"A Bit Unprepossessing": Plantinga on the Logic of Dawkins's Blind Watchmaker
As we head into Evolution Sunday, I offer this second installment in a series of reviews of Alvin Plantinga's long-awaited book, Where the Conflict Really Lies: Science, Religion, and Naturalism. (For the first installment, see here.)
Plantinga's goal in this book is to show that there is only "superficial conflict but deep concord between science and theistic religion." So it makes sense that he would start with biological evolution, since this is the part of science where many perceive a conflict. The way Plantinga handles the meaning of "random" and "Darwinism" is complicated, so I'm going to postpone discussion of these matters until the next installment and focus here on his broader argument.
Plantinga gets quickly and clearly to the central point of the alleged conflict between evolutionary theory and Christian theism. It reduces almost entirely to the question of whether the origin and history of life is guided or unguided. A teleological view of evolution can be reconciled with Christian theism. "What is not consistent with Christian belief," he writes, "is the claim that this process of evolution is unguided -- that no personal agent, not even God, has guided, directed, orchestrated, or shaped it." According to Plantinga, this is not a claim or a finding of science per se (more on that in the next installment); nevertheless, "there is a veritable choir of extremely distinguished experts insisting that this process is unguided" (p. 12).
Therefore, Plantinga spends ample time responding to the arguments of a few prominent soloists in the choir. First up: Richard Dawkins. However one judges evolutionary theory in general, Dawkins unambiguously claims, as the subtitle of The Blind Watchmaker puts it, that "the evidence of evolution reveals a universe without design." If Dawkins's claim is true, Plantinga notes, then the Christian belief that God "has created human beings, and created them in his own image," is false. So, what of Dawkins's argument?
Despite the promise of the subtitle to deal with "evidence," Dawkins's arguments in The Blind Watchmaker aren't dense with data from biological research. They are largely of the Darwinian storytelling variety. Dawkins spends a lot of time describing how something like the mammalian eye could have evolved in an unguided Darwinian fashion from an earlier organism that lacks such an eye. The series must be continuous and each step, of course, must either confer on its possessor some survival advantage, or at least not exact a large cost in terms of survival. If one has an active imagination and is content with unrealistically Lego-like, bottom-up treatments of organisms, it's easy to conjure up a series of such steps.

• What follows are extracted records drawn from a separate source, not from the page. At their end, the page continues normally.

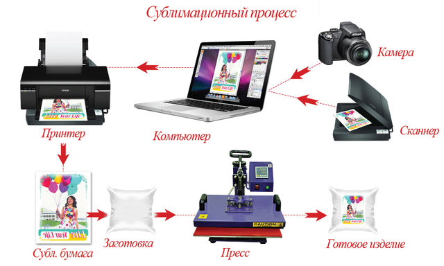 Для сублімаційного переносу потрібно таке обладнання і матеріали: термопрес, струменевий принтер з системою безперервної подачі чорнила, сублімаційні чорнила, сублімаційний папір, термостійка липка стрічка (скотч), заготовка під сублімацію.
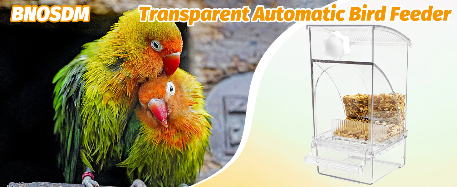 Automatic Bird Feeder: BNOSDM parrot feeder features an internal sloped design that allows seeds to fall freely without getting stuck. Acrylic bird seed feeder is perfect for busy pet owners, making it easy to feed your feathered friends
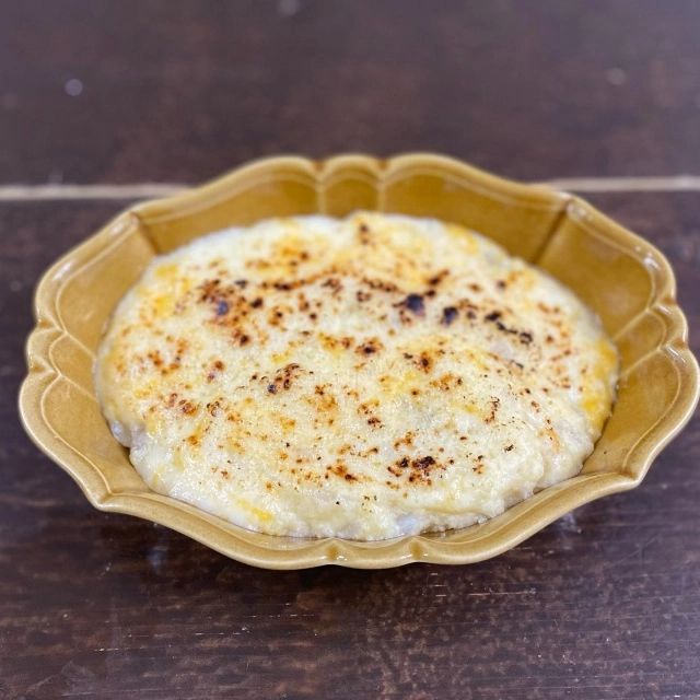 「長芋チーズのトロトロ焼き」は、長芋をフードプロセッサーで細かくすることで、トロトロの食感に♡表面に乗せたピザ用チーズが少し焦げるのを目安に、オーブンで15分ほど焼いたら完成。トロトロ食感で、おでんといっしょに食べるとより温まりますよ。
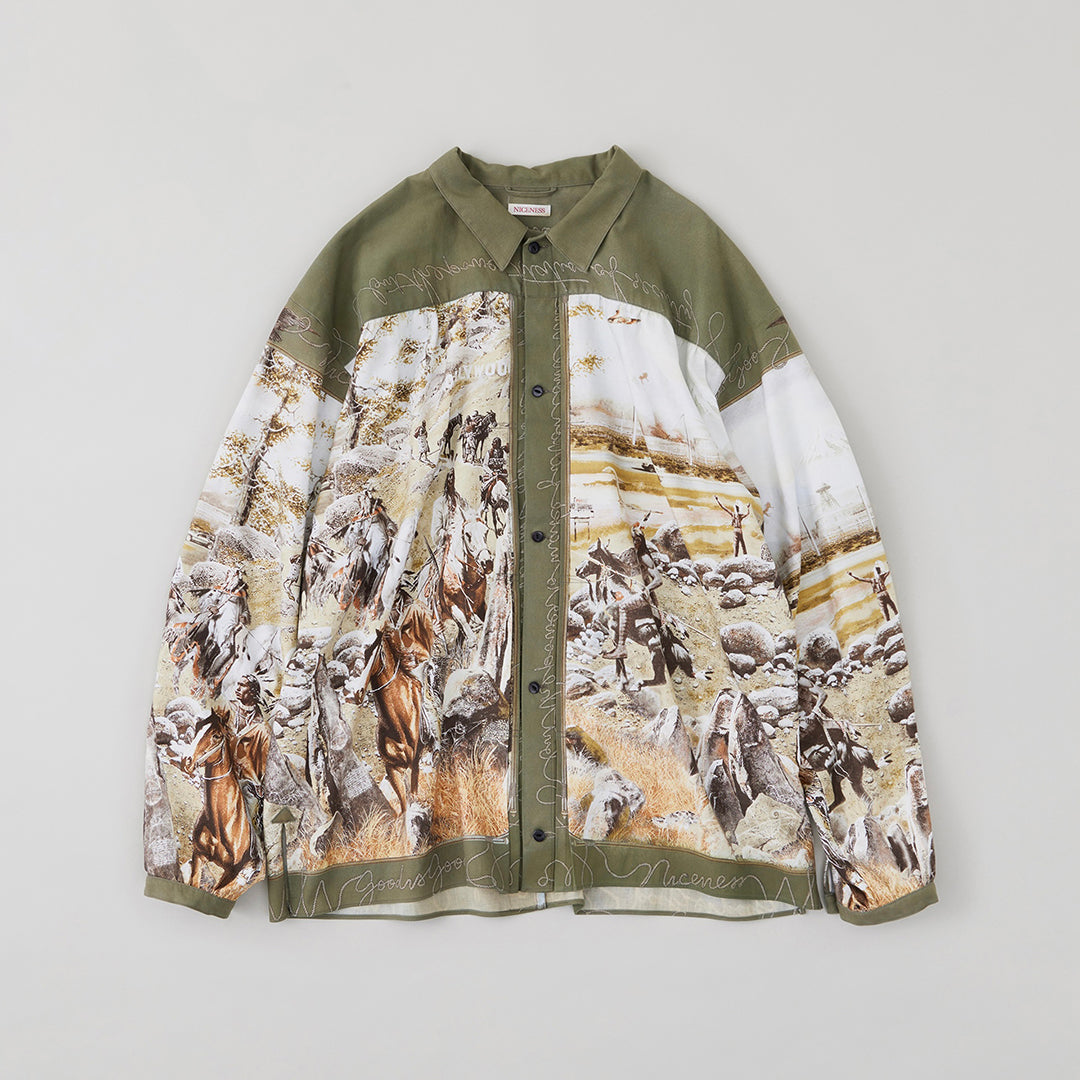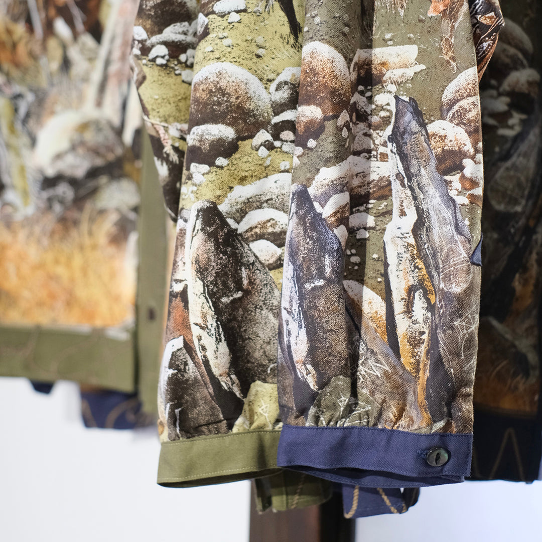 1950年代のデニムジャケットのパターン構成をリファレンスとしシャツライクに着回せるデザインです。オリジナル柄は1950年代〜60年代のレーヨンギャバ生地からインスピレーションを受け、職人が13版を手捺染にてプリントしています。高揚感や緊張感、時にはユーモアや示唆を与えられるようシュールレアリスムのアプローチで表現しています。
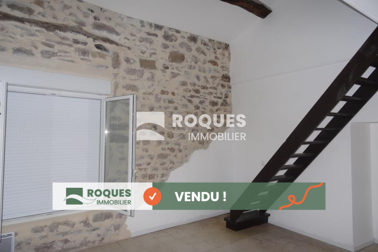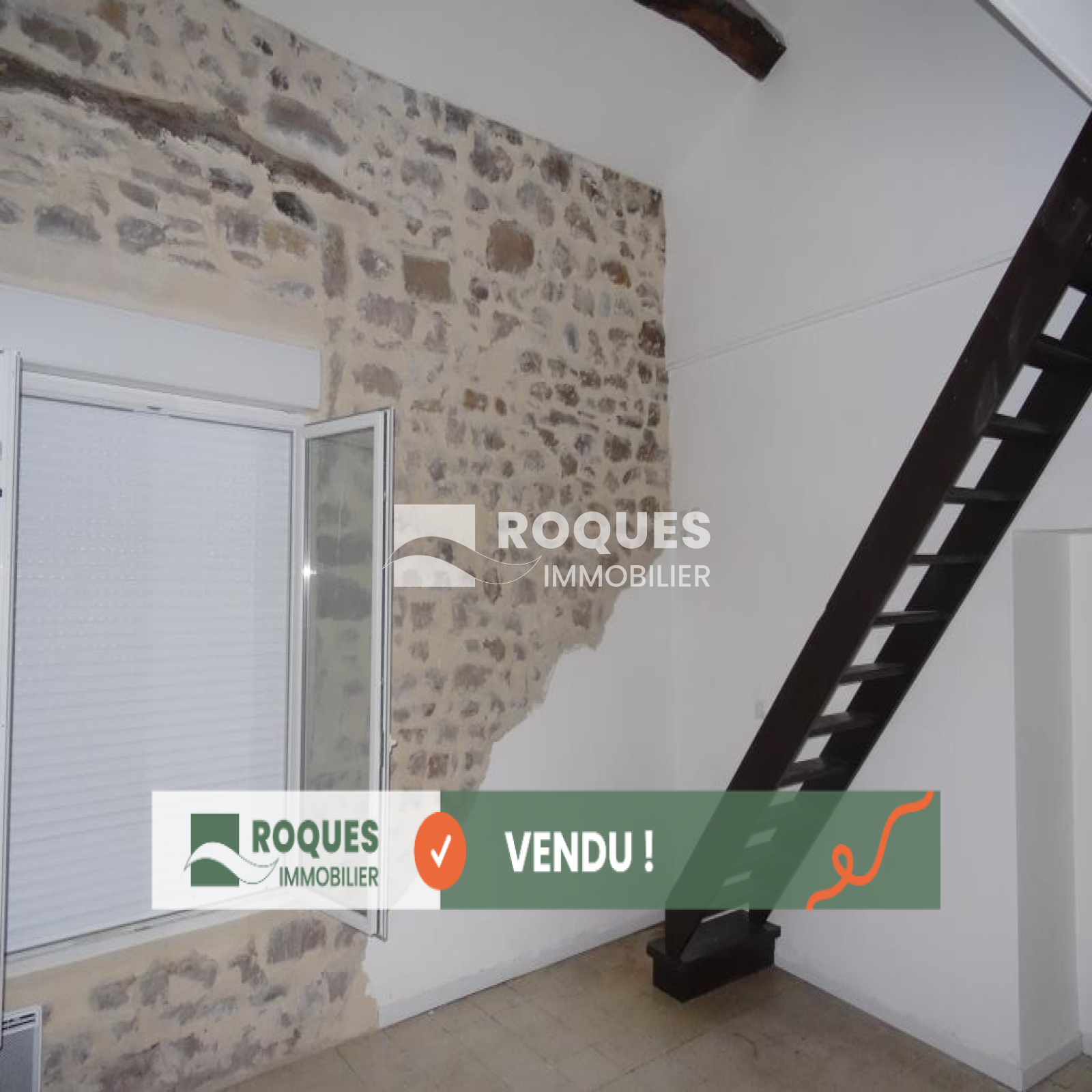 Proche Lunas dans hameau, maison de village de type 2 plus mezzanine, 50 m² habitables, bon état général et comprenant :
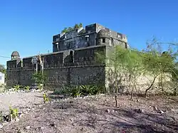 It is a small fort, bearing a square shape, 16,75 meters wide and 17,35 meters long, the walls 1,93 meters high, and the parapet 1,43 meters high, while containing a tower 3,5 meters high which rises in the center of the fort, 7,58 meters wide and 7,64 meters deep, topped by a mast meant to fly a flag.[1] It was restored in 1847 by order of governor Ferrari, who had a stone inscription placed on the fort which reads: "Made in 1847 by T. V. N. Ferrari, Gov. of These Islands".[1]
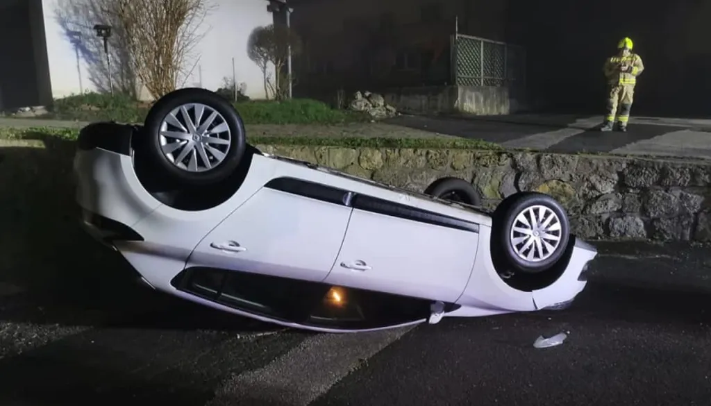 Vozilo je po vožnji s ceste pristalo na travniku in se prevrnilo – voznica je bila pod vplivom alkohola.

Plantinga does an admirable job of analyzing and summarizing Dawkins's basic argument, and even manages to compress several of Dawkins's key questions into one Big Question:
(BQ) Is there a path through organic space connecting, say, some ancient population of unicellular life with the human eye, where each point on the path could plausibly have come from a preceding point by way of a heritable random genetic mutation that was adaptively useful, and that could plausibly then have spread through the appropriate population by way of unguided natural selection?Dawkins answers this question, in effect, by saying that he feels it's quite plausible. To which the obvious response is: So what? Of course Dawkins feels it's plausible. But that's not much of an argument. Others, such as Michael Behe, argue that at least some such pathways for some organs or molecular machines are quite implausible and unlikely to have been traversed, if one excludes the possibility of intelligent design. So Plantinga rightly concludes that all Dawkins's argument shows, at best, is that "given a couple of assumptions, . . . it is not astronomically improbable that the living world was produced by unguided evolution and hence without design."
There's nothing wrong with an argument that comes to a modest conclusion; but Dawkins claims to have shown that the evidence of evolution reveals a universe without design. As a result, he's guilty of severe overreach. This is especially obvious when Plantinga reduces Dawkins's larger argument to its logical core. It ain't pretty. In The Blind Watchmaker, Dawkins seems to be arguing
p is not astronomically improbabletherefore
P.That argument form is, Plantinga observes, "a bit unprepossessing" (p. 25). Normally, we don't think that if we can show that some event is not astronomically improbable, then we've established it.
Since Dawkins is a smart guy, though, surely he wouldn't offer such a terrible argument, would he?
Well, smart people make terrible arguments all the time. Still, Plantinga pursues the possibility that Dawkins is drawing on some unstated premises that, when stated, might make his argument a little less bad. I think this is the correct approach, since these premises are very much in evidence throughout Dawkins's writings.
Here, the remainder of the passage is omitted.